When I hear Scott Simon on NPR, I often find myself asking “how does this guy know all this shit?” Whether he’s effortlessly reciting an Arabic poem from memory in Baghdad or swooning over the musicality of an obscure Motown bass man back in the USA, he follows up with the depth of thought that proves he’s no sycophant, not just a quick study, he really knows all this stuff. It is a joy to hear his offhand comments.
Compare that with this observation by Krugman in today’s column, The China Syndrome.
Meanwhile, both the formal rules and the codes of ethics that formerly prevented blatant partisanship are gone or ignored. Neil Cavuto of Fox News is an anchor, not a commentator. Yet after Baghdad's fall he told "those who opposed the liberation of Iraq" — a large minority — that "you were sickening then; you are sickening now." Fair and balanced.
Neil Cavuto. I remember him from his early days on the old Financial News Network. He was a smart ass then, but not as bad as now. Shortly after 9/11, I saw his smart ass chiding of CNN’s decision not to allow American flag props on the set. What, America’s not good enough for you. This is, of course, blatant jingoism, evoking memories of Dennis Miller, back when he was a comedian, satirizing the news on SNL. What we have now instead of news is a parody of a parody – or, as one astute commenter on The Smirking Chimp noted with brevity, “Fox = TASS!” Back to Krugman.
A funny thing happened during the Iraq war: many Americans turned to the BBC for their TV news. They were looking for an alternative point of view — something they couldn't find on domestic networks, which, in the words of the BBC's director general, "wrapped themselves in the American flag and substituted patriotism for impartiality."
Leave aside the rights and wrongs of the war itself, and consider the paradox. The BBC is owned by the British government, and one might have expected it to support that government's policies. In fact, however, it tried hard — too hard, its critics say — to stay impartial. America's TV networks are privately owned, yet they behaved like state-run media.

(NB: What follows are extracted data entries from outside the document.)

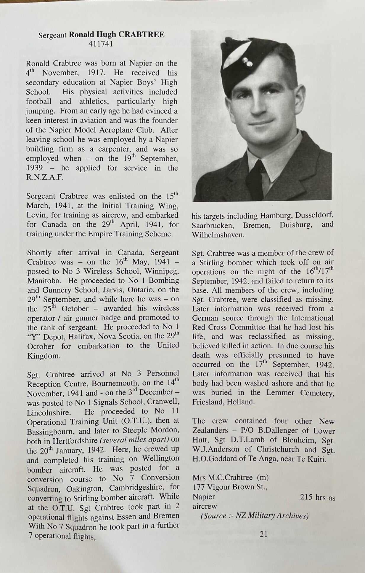- Sgt. Ronald Hugh Crabtree, RNZAF - Leeftijd 24 - 215 uur - 9e op.
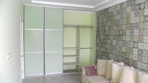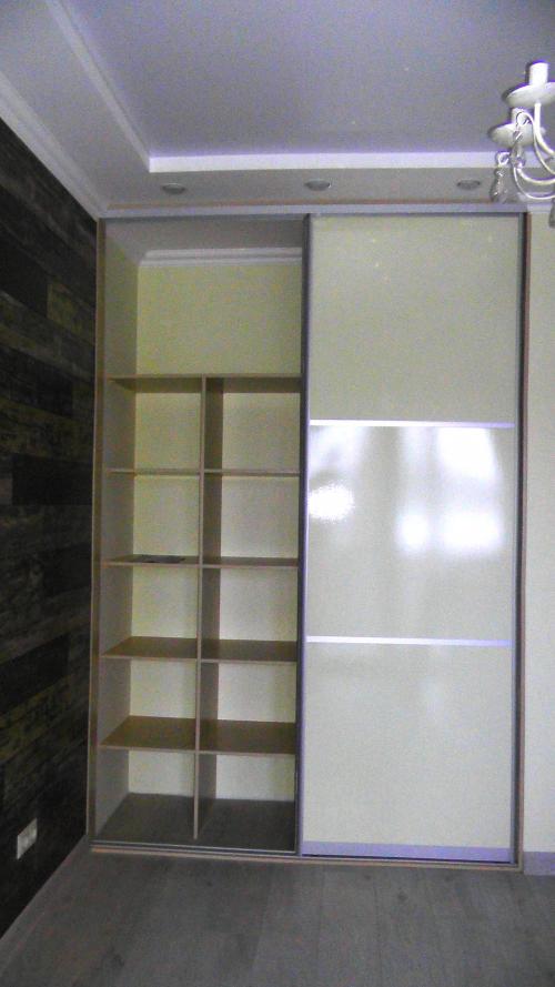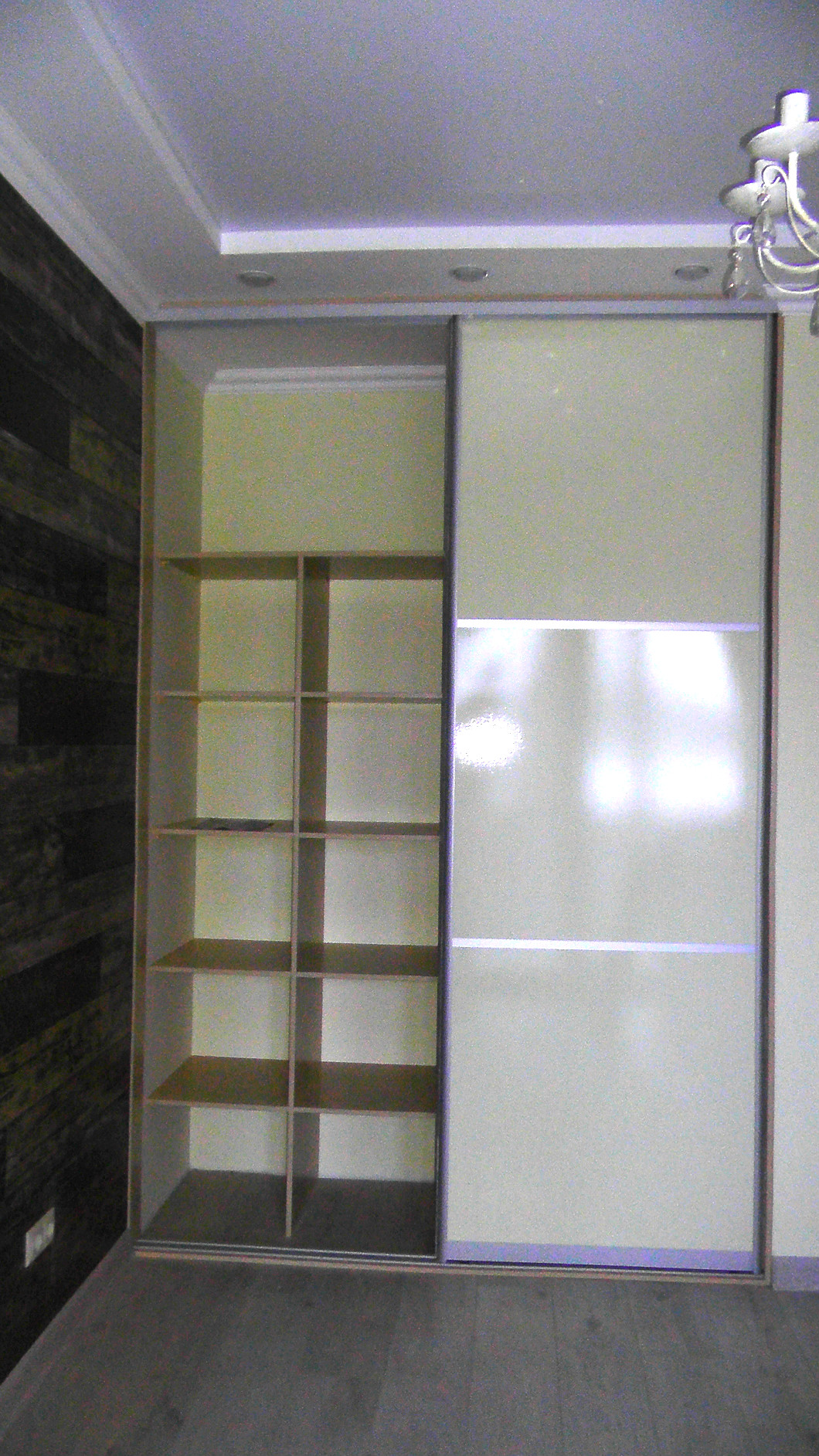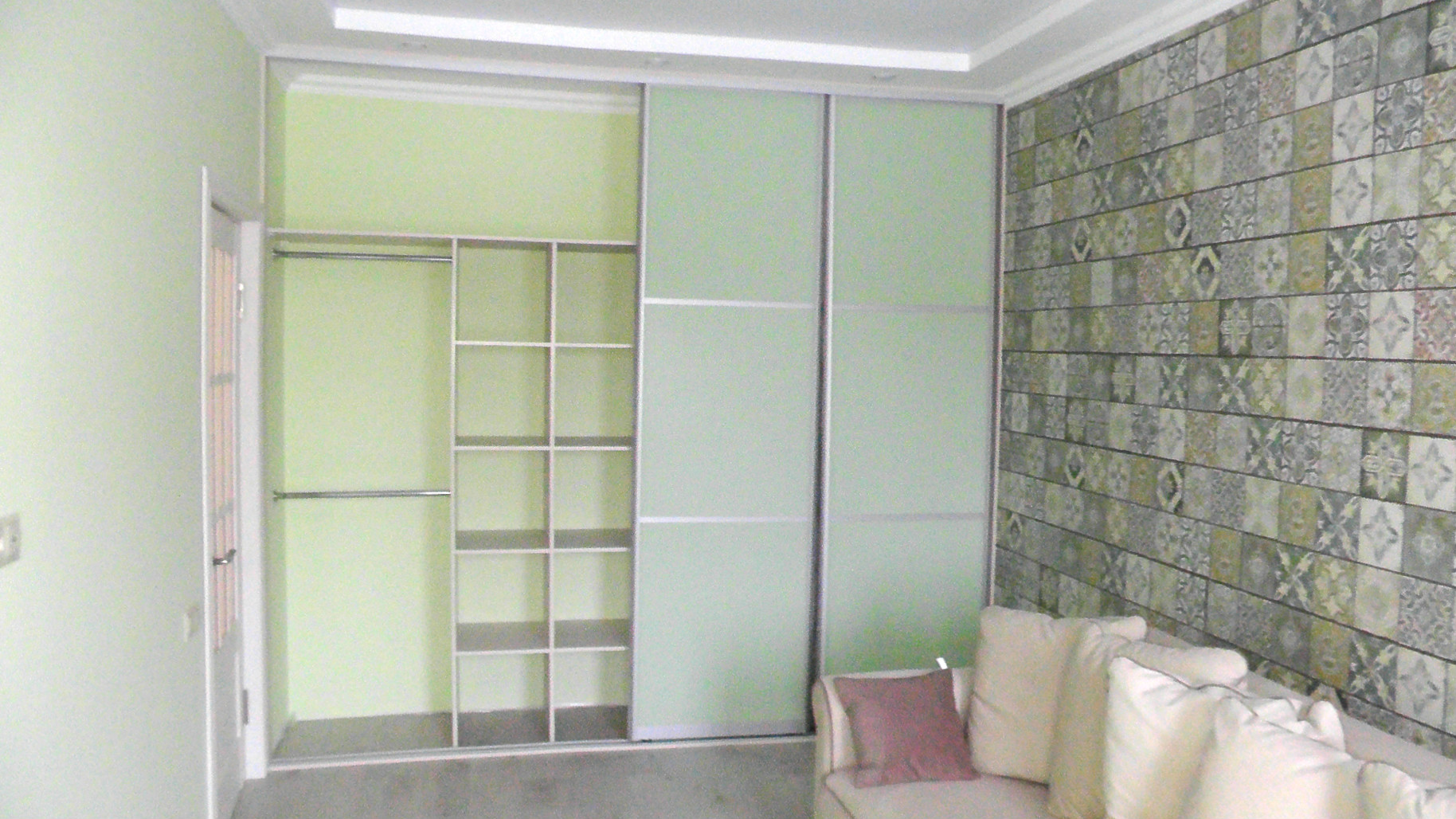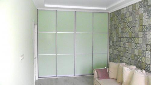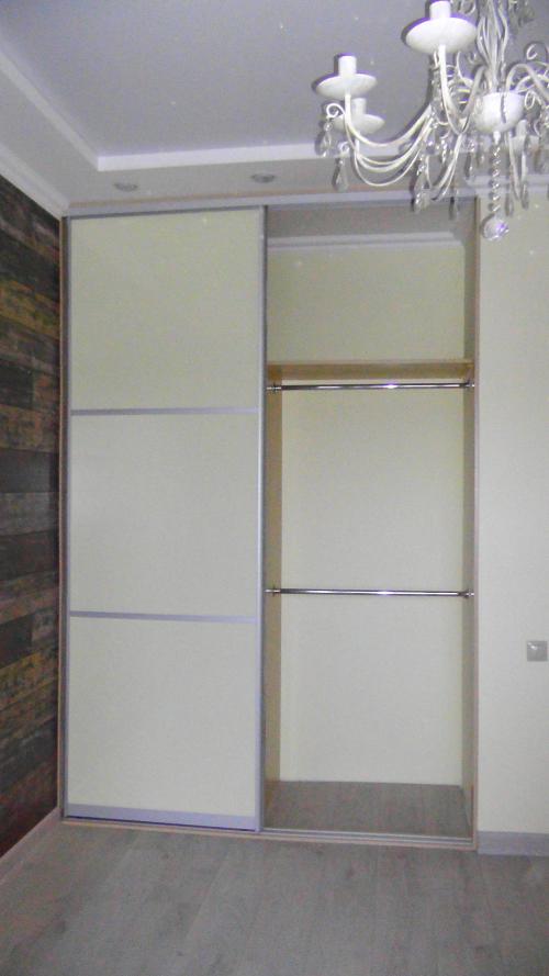 Шкаф- купе двухдверный в спальню: Размеры: Высота: 2 700 Глубина: 690 Дина: 1 750 Фасады: Алюминиевый профиль СЕРЕБРО с делителями, пленка ПВХ глянец на МДФ основе. Корпус: ЛДСП российское. Шкаф-купе четырехдверный в детскую комнату:
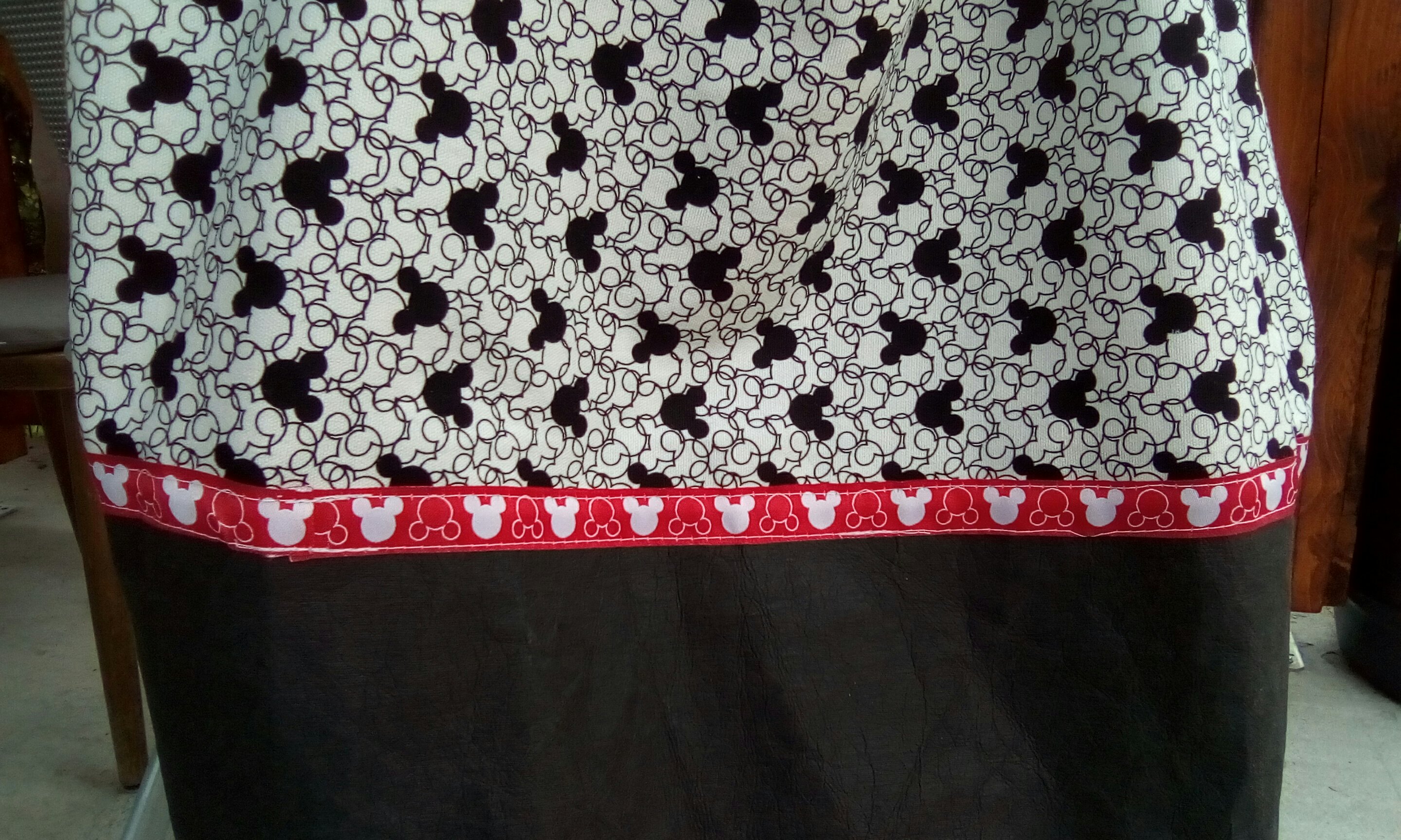 Die Tasche war soweit fertig…, aber ich war noch nicht wirklich zufrieden… Ehe ich also die letzte Naht verschloss, nähte ich noch einen kleinen roten Eyecatcher um die Naht zwischen SnapPap und Stoff, einfach um der Tasche noch etwas Pep zu verleihen… 😉 Erst dann habe ich die Naht (mit der Nähmaschine und nicht mit einem Handstich, einfach weil ich faul war…) verschlossen.
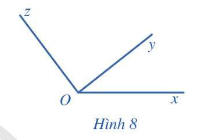 Cho góc ( hình học) xOz, tia Oy nằm trong góc xOz ( Hình 8). Nêu mối liên hệ giữa số đo góc xOz và tổng số đo của hau góc xOy và yOz.
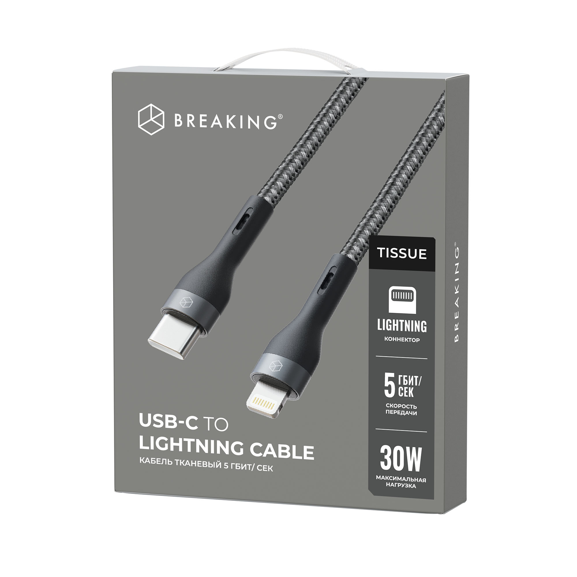 Кабель Breaking Tissue USB-C - Lightning, 30W, 3A, 1м (Черный)
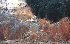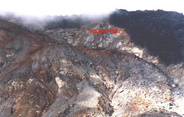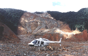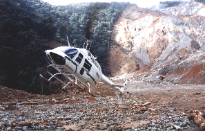 Se observa una línea recta a lo largo del cerro donde se ven arboles y luego la roca lavada, es como dijo uno de los pilotos; "Parece como que una manguera gigante de alta presión hubiera apuntado su chorro contra el suelo", lo referido se observan en estas fotos, para dar una idea de la magnitud vean la última foto al centro de la misma al helicóptero posado casi no se ve y el aérea de desolación a su alrededor.
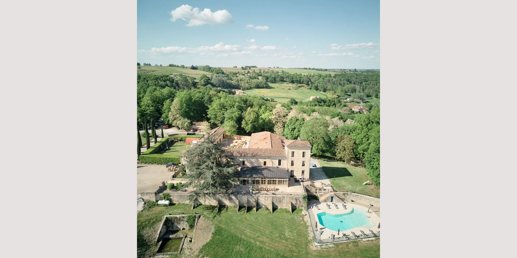 Chateau de Sanse, located near the renowned village of St Emilion, is a charming chateau hotel nestled amidst serene vineyards, offering picturesque views over the French countryside. It serves as an enchanting wedding venue near Bordeaux and the Dordogne region.
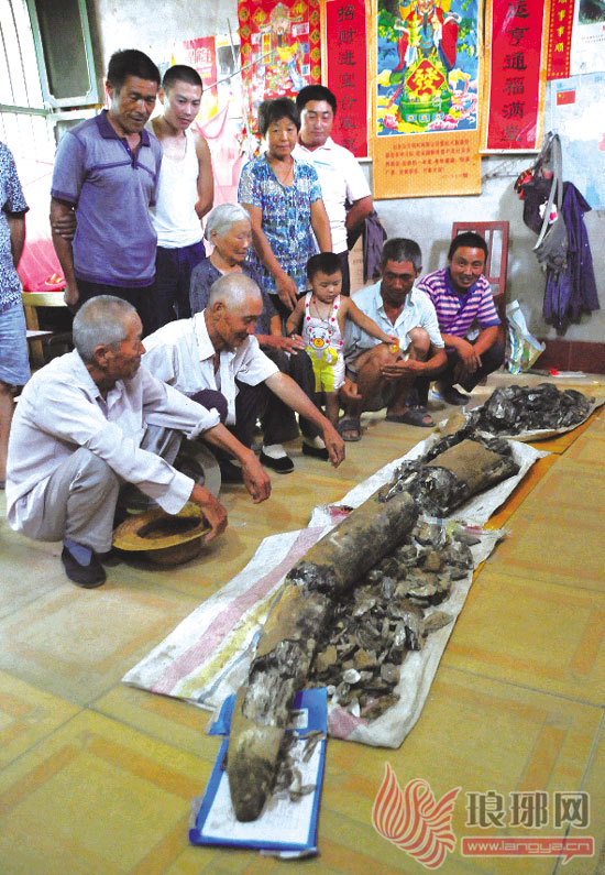 河东新近发现的古象牙门齿化石吸引了不少村民前来观看。记者 罗志强 摄

I’m listening to the BBC right now. In a prescient move, our NPR station (WUNC) started broadcasting the BBC overnight feed a few months before 9/11. I’ve come to depend on it for genuine news – no rumors reported without confirmation, no insinuations, hard interviews deftly executed, and all quotations attributed to real accountable humans (not “officials say”). I think of the BBC as our domestic Radio Free America. You can’t completely avoid the propaganda the Murdoch Boys emit to curry favor with government deregulators, but the truth is out there.